St. Mary's Tal-y-Llyn
St. Mary's, Tal-y-Llyn is one of the most beautiful and isolated buildings on Anglesey. It was cycling that helped me figure out a path out of depression, but photographing buildings like this has added colour, meaning and intention to my life.
St. Mary's is all that survives of a town that succumbed to the plague. The church is probably the latest iteration on a site that has seen religious activity for millennia.
It sits upon a raised circular churchyard which suggests a prehistoric site.
It is at places like this that I manage to find a wormhole into the most satisfying of photography processes: to stand and wait until the available light interacts with a space in such a way as to lift it from the present day. In this way, photography is a kind of time travel.

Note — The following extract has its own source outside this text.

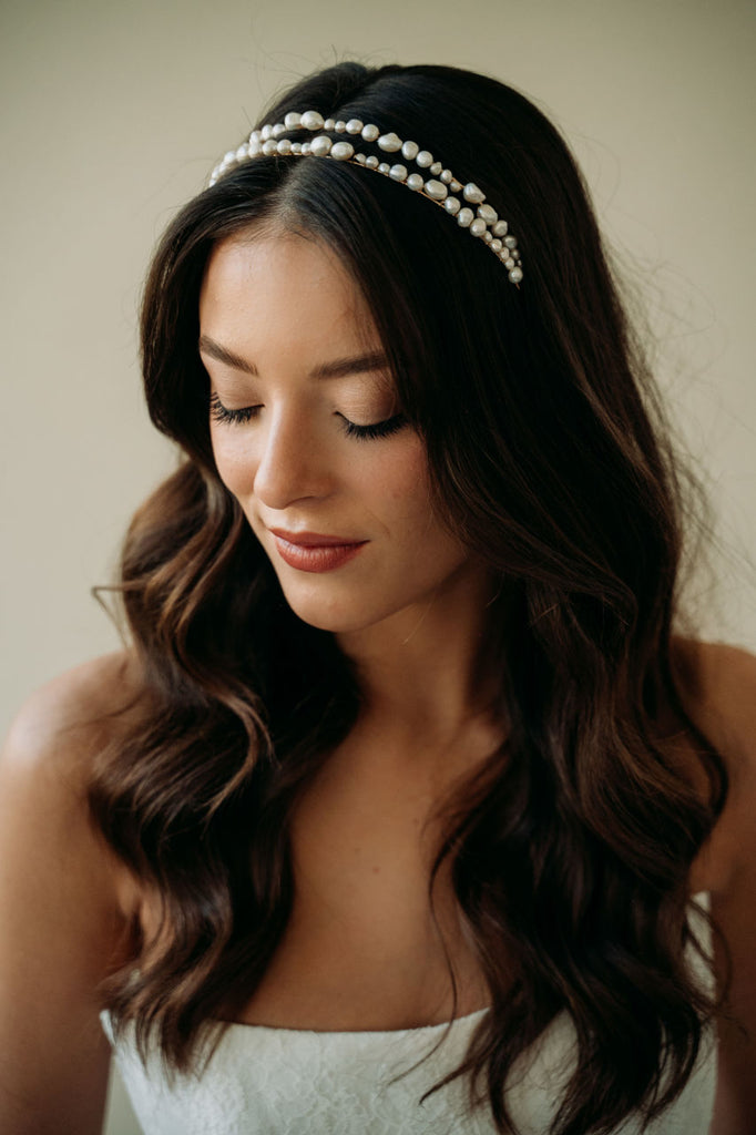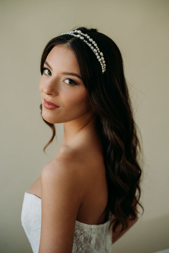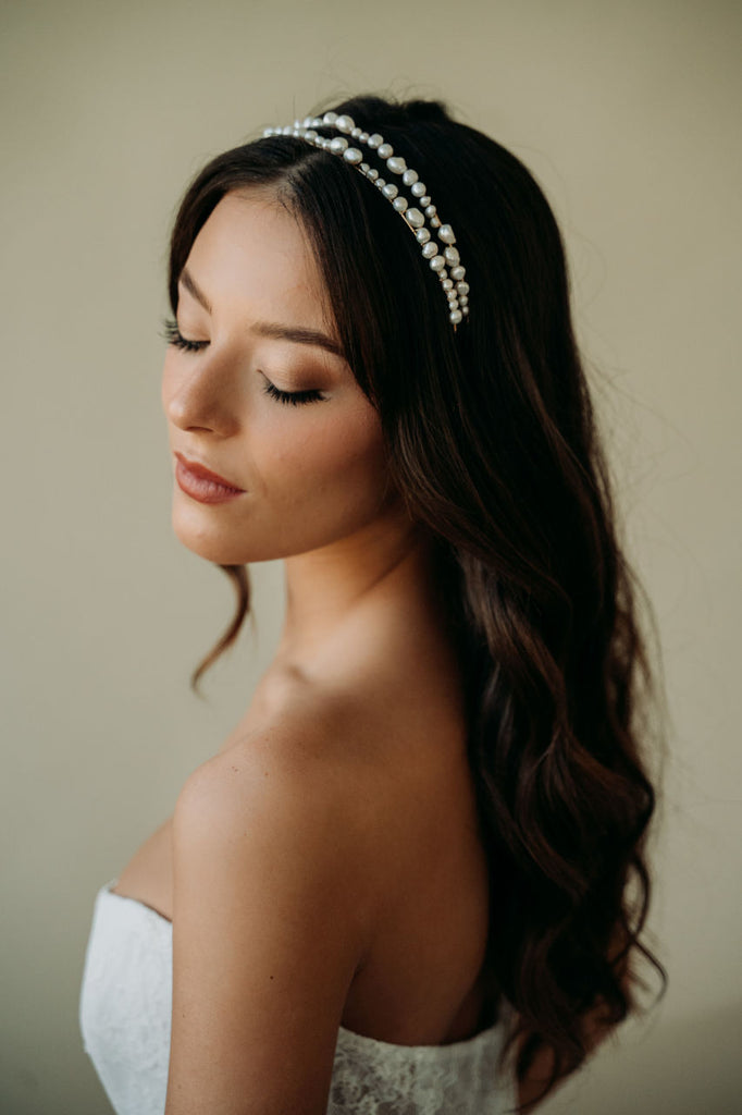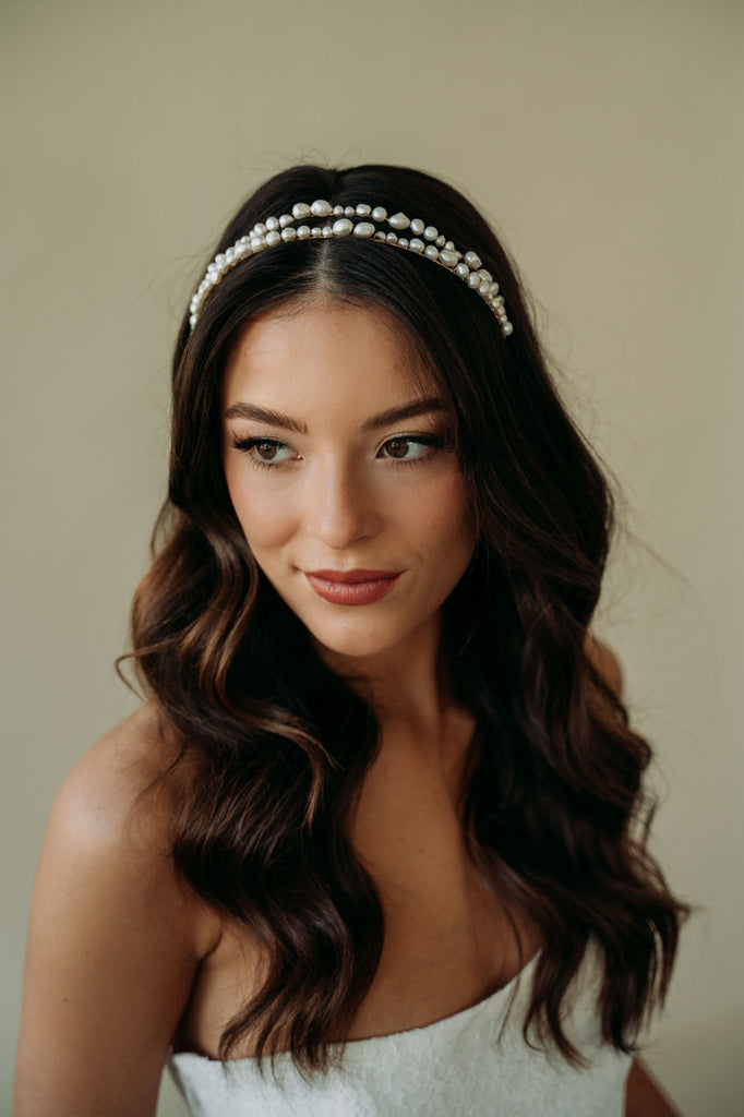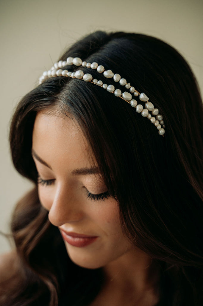 Add an elegant touch to your bridal look with the Milos Headband. This unique and modern accessory features a double headband design adorned with unique freshwater pearls. Perfect for the bohemian or minimalist bride, this statement headband adds a timeless and romantic touch to any ensemble.

These spaces are the best places to be - delineated light, shadows towards beauty's end; simple and unobtrusive.
Visiting St. Mary's.
St. Mary's is looked after by the Friends of Friendless Churches and it takes inordinate amounts of money just to keep them 'as they are'. Give them your support if you can. Information about visiting can be found below:
The old building at Dothan
About a mile or so before the church at Tal-ly-Llyn is a humble little building that is hunkered into the ground. I turned the van around to go and take another look. If ever a building looked a part of its landscape this is it. It looks as though it has grown out of the ground.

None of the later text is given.